The stakes are deadly clear. UNICEF has just enough RUTF left to treat 3,000 children. Yet in the first half of July alone, they’ve already treated 5,000 children suffering from acute malnutrition — a sign of how fast hunger is tightening its grip.
These specialized, high-calorie foods — often peanut-based pastes fortified with milk and vital nutrients — are the last line of defense against death for starving children. Without them, the survival window slams shut.
This hunger crisis is not just about shortages — it’s about access. After Israel cut off all supplies to Gaza in March 2024, even the partial lifting of the blockade in May did little to ease the flow of humanitarian aid. Restrictions, inspections, and military controls have slowed or blocked vital deliveries, including food and medical aid.

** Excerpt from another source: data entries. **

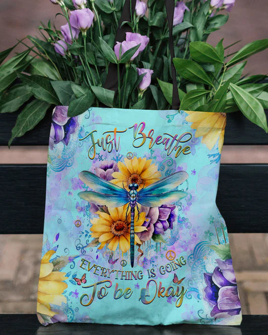 Durable Canvas Tote Bags - JUST BREATHE DRAGONFLY - Lightweight &, High-Capacity Options by EBDR 01220524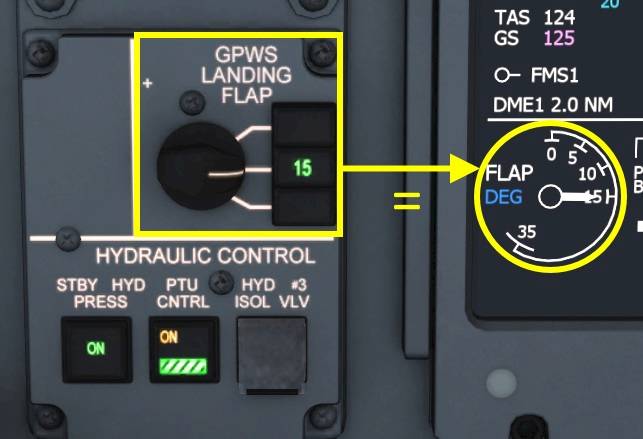 Note - If you want to be even more realistic for this landing and use flaps 10 or want to test out flaps 35 remember to adjust the GPWS LANDING FLAP knob. The Ground Proximity Warning System (GPWS) will otherwise warn you about your flap configuration on short final.
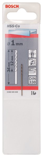 Metallbohrer HSS-Co, DIN 338, 1 x 12 x 34 mm, 1er-Pack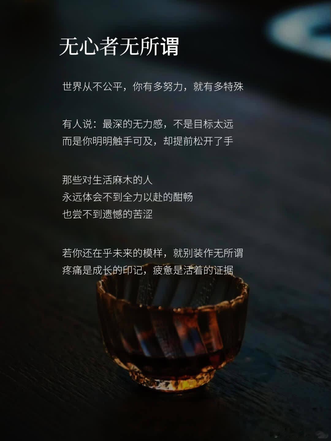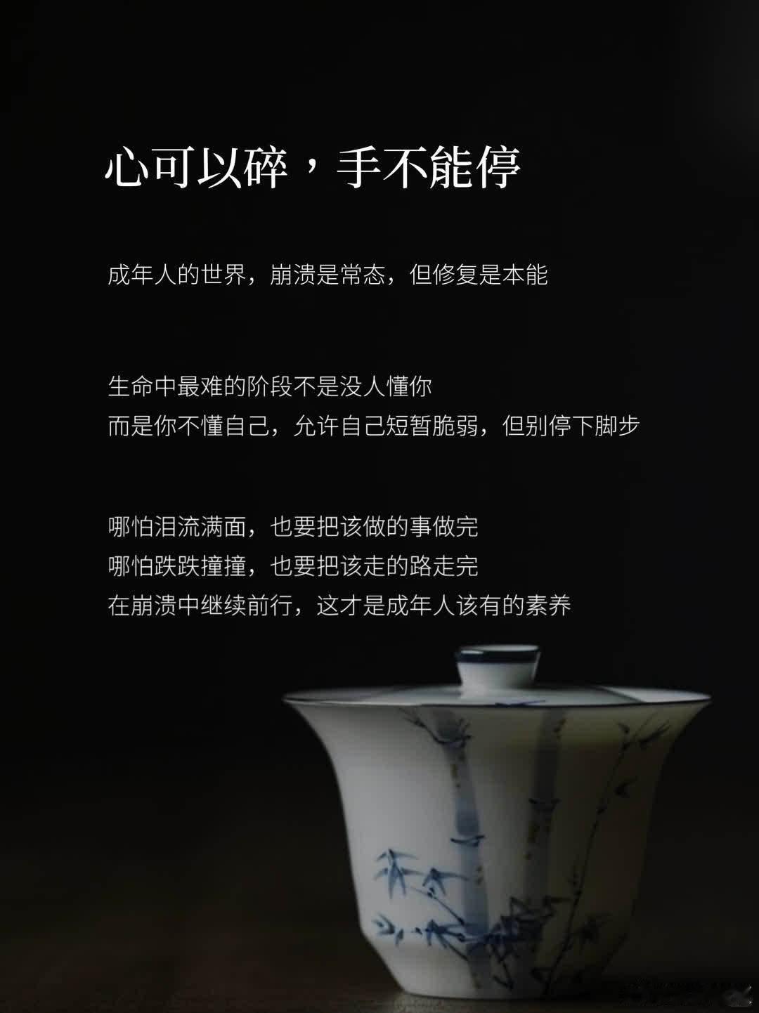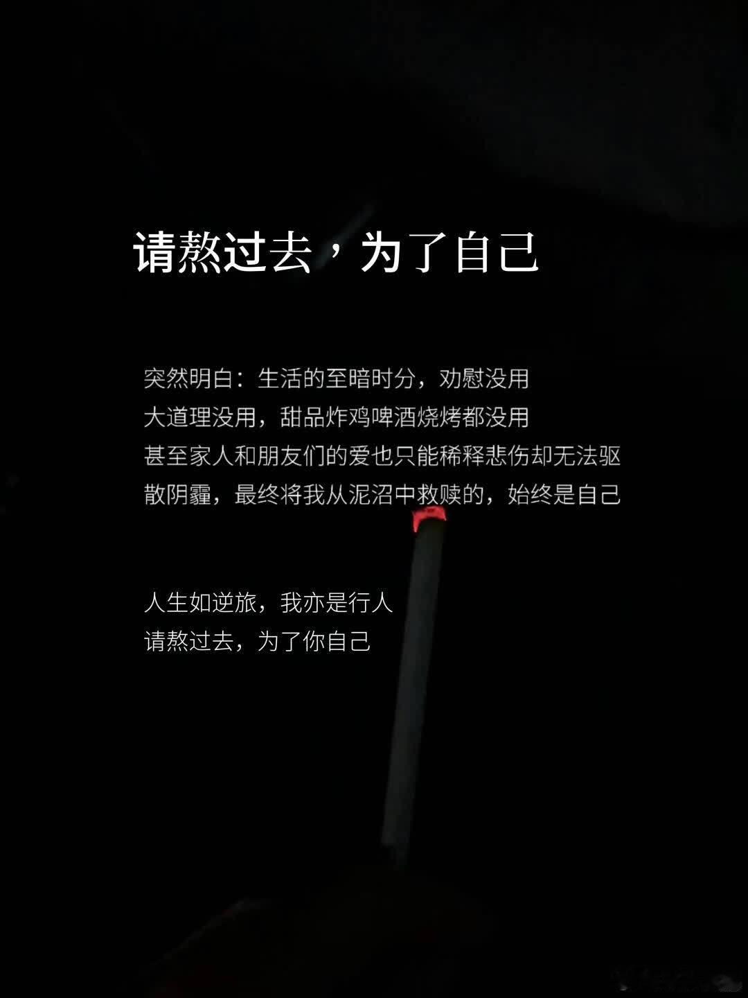 请熬过去,为了自己 突然明白:生活的至暗时分,劝慰没用 大道理没用,甜品炸鸡啤酒烧烤都没用 甚至家人和朋友们的爱也只能稀释悲伤却无法驱 散阴霾,最终将我从泥沼中救赎的,始终是自己 人生如逆旅,我亦是行人 请熬过去,为了你自己 1. 无心者无所谓 世界从不公平,你有多努力,就有多特殊 有人说:最深的无力感,不是目标太远 而是你明明触手可及,却提前松开了手 那些对生活麻木的人 永远体会不到全力以赴的酣畅 也尝不到遗憾的苦涩 若你还在乎未来的模样,就别装作无所谓 疼痛是成长的印记,疲惫是活着的证据 2.、心可以碎,手不能停 成年人的世界,崩溃是常态,但修复是本能 生命中最难的阶段不是没人懂你 而是你不懂自己 允许自己短暂脆弱,但别停下脚步 哪怕泪流满面,也要把该做的事做完 哪怕跌跌撞撞,也要把该走的路走完 在崩溃中继续前行,这才是成年人该有的素养 3.、坚持长期主义 这世上从没有一蹴而就的成功 所有光鲜背后都是笨拙的坚持 种一棵树最好的时间是十年前,其次是现在 别因为看不到即时回报就放弃 时间从不会辜负默默耕耘的人 你读过的书、熬过的夜、流过的汗 终会在某一天,让你站在曾经仰望的高度 4、好心态最重要 生活就像一面镜子,你皱眉它便阴沉 你微笑它便明亮 顺境时修炼能力,逆境时修炼心态 把“为什么是我”换成“这件事想教会我什么” 你会发现,苦难背后藏着礼物 不要慌,不要慌,太阳下山有月光 人生没有白走的路,你披星戴月的每一天 都在为未来的自己铺路 向前看,前路漫漫亦灿灿 抬头看,漫天星光甚浪漫 低头看,半路荆棘已过半 请熬过去,不要回头,前方有光,迟早变好

Though Israeli officials insist they’re letting sufficient supplies through and that aid is being held up due to fears of diversion to militant groups, the reality on the ground paints a darker picture: children are dying while trucks wait at crossings.
The statistics are horrifying. From April to mid-July, over 20,000 children were treated for acute malnutrition. Nearly 3,250 of them were in the most severe, life-threatening condition. That number is three times higher than in the first three months of the year — a sign of catastrophic deterioration.

Already this year, 21 children under five have died of hunger, according to the World Health Organization. Gaza’s Health Ministry reports 113 deaths from starvation — most of them in the past few weeks alone.
And the death toll will rise. UNICEF, Save the Children, and the WHO are all warning that if their last therapeutic food stores run dry, they will no longer be able to treat the most vulnerable: children, pregnant women, and infants.
Save the Children has been unable to bring in its own therapeutic food since February, relying entirely on UN stocks. Now, even those supplies are on the brink. The organisation warns that when UNICEF’s warehouses go empty, every clinic depending on those supplies will face shutdown.
The WHO has also sounded alarms over its nutrition programs for pregnant women and young children, many of which may be suspended within days due to lack of supplements.
This is not a natural disaster. This is a crisis created and sustained by blockades, politics, and inaction.
Without immediate and unrestricted access to Gaza for humanitarian agencies, without a surge of therapeutic food and medical aid, the world will witness the preventable deaths of thousands of children.
The international community is now being forced to answer a grim question: how many starving children will it take before aid is allowed to move freely?